Task objective ▸ Give all of the data below again exactly, and drop the images.

Available data ▸
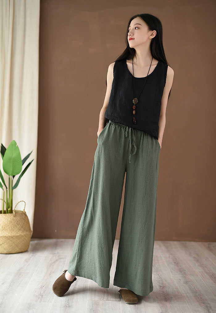 ワイドパンツ レディース リネン パン
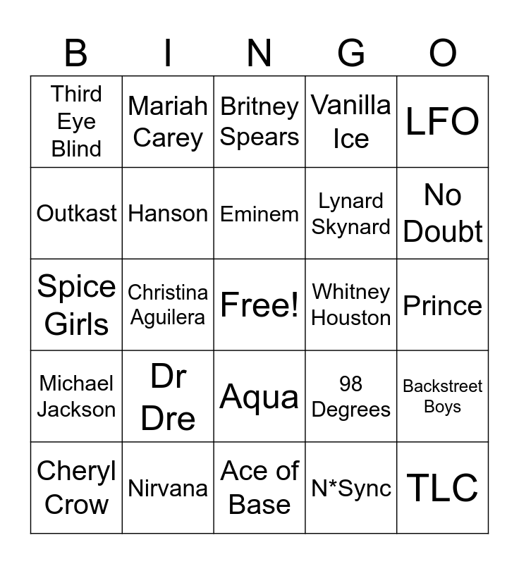 This bingo card has a free space and 24 words: Dr Dre, Nirvana, Eminem, Cheryl Crow, LFO, Third Eye Blind, Outkast, Mariah Carey, Whitney Houston, Aqua, Lynard Skynard, Spice Girls, 98 Degrees, Backstreet Boys, Hanson, N*Sync, Prince, Britney Spears, No Doubt, Christina Aguilera, TLC, Michael Jackson, Vanilla Ice and Ace of Base.
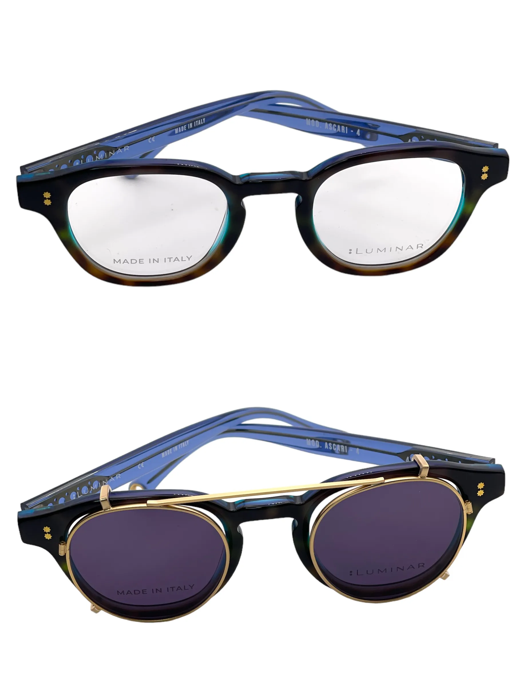 Montatura frontale nero verde aste blu trasparente con clip oro lente blu scuro

Solution to this exercise ▸
 ワイドパンツ レディース リネン パン
 This bingo card has a free space and 24 words: Dr Dre, Nirvana, Eminem, Cheryl Crow, LFO, Third Eye Blind, Outkast, Mariah Carey, Whitney Houston, Aqua, Lynard Skynard, Spice Girls, 98 Degrees, Backstreet Boys, Hanson, N*Sync, Prince, Britney Spears, No Doubt, Christina Aguilera, TLC, Michael Jackson, Vanilla Ice and Ace of Base.
 Montatura frontale nero verde aste blu trasparente con clip oro lente blu scuro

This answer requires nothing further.